Johnson Controls focuses now on ‘autonomous’ buildings for energy savings, CTO tells Sensors Converge crowd

You may think your building is smart, but is it autonomous?

If there a difference?

Johnson Controls believes there is indeed a difference and plans to soon roll out what it calls an equipment performance advisor for building managers that more precisely controls HVAC and other systems in a building complex based on real-time information.

The ultimate goal is to lower energy costs for buildings, which globally create up to nearly 40 percent of carbon emissions when the creation of materials like concrete are included.
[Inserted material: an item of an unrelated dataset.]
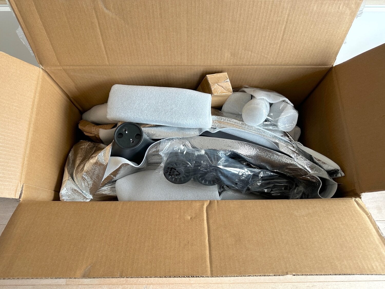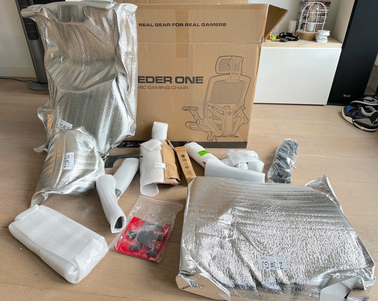 Als we de doos openmaken, zien we dat alle onderdelen los in de doos zitten, maar wel allemaal voorzien zijn van een beschermfolie eromheen, zodat het niet snel beschadigt tijdens transport. We raden wel aan om een beetje de ruimte te nemen als je zo’n stoel in elkaar gaat zetten, want het zijn behoorlijk wat onderdelen als je ze uit de doos haalt.
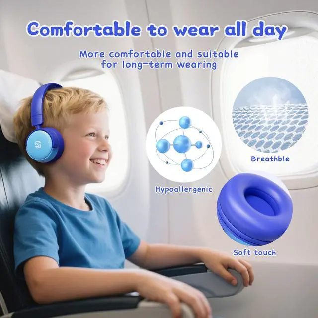 All-Day Comfort & Fit: Featuring memory foam ear cushions with breathable lining and soft protein leather ear cups. The 90° rotating ear cups and 6-position adjustable headband create a tailor-like fit for ages 2+. At approximately 0.3 lbs, they significantly reduce ear pressure during travel.

Vijay Sankaran, vice president and CTO at Johnson Controls, told Fierce Electronics at Sensors Converge 2024 that the company has provisioned a system for autonomous analytics in buildings that will compare pre-determined settings for equipment settings with weather and other factors. The results will be displayed in a dashboard for building managers who can then approve or override recommended actions.

In one example, air conditioning could be set to a range of 70-80 degrees F, and the analytics engine might also detect a cold front arriving in the region of the affected buildings and suggest it would be better to run air conditioning at a higher value in the range. Also, if a building is expecting a large crowd of people, the real time autonomous recommendation engine could advise keeping the temperature at the lower range to keep the building cooler.

Seemingly insignificant adjustments to a thermostat for a large building complex could prove valuable in overall energy savings in a year, Sankaran said.

In a keynote address at Sensor Converge, Sankaran said net zero compliance goals have forced a reckoning for building owners and businesses of all types. “Most don’t even know their current [energy] consumption,” he said, noting that generative AI and its energy consumption demands have set Microsoft 30% behind its net zero goals.

With energy use predictions and adjustments to HVAC systems, “a customer in the Middle East might see that small variations could make a huge difference in net zero,” Sankaran said.

Some city governments are setting requirements for energy consumption and carbon emissions, which could be translated via text with a large language model for use in predictive AI and machine learning.  A building owner using generative AI could quickly learn that a particular building is expected to exceed on an energy consumption goal for a month, with GenAI then recommending conservation measures while also summarizing the penalties that could result if the energy goals are not met, Sankaran said.

With GenAI, a building manager could ask questions via text or even voice such as, “Which office has the highest use?’ in straightforward language, Sankaran said.  This capability is “the tip of the iceberg,” he added.  

“We’ve building AI as a service platform. Risk management is something we take very seriously…Digitization and AI are the future and everybody should be thinking about AI and generative Ai what problems you are trying to solve,” Sankaran told the audience of engineers and designers.

“It’s a very exciting time for all of us in IoT…It’s going to be a wild 10 years. Buckle up!”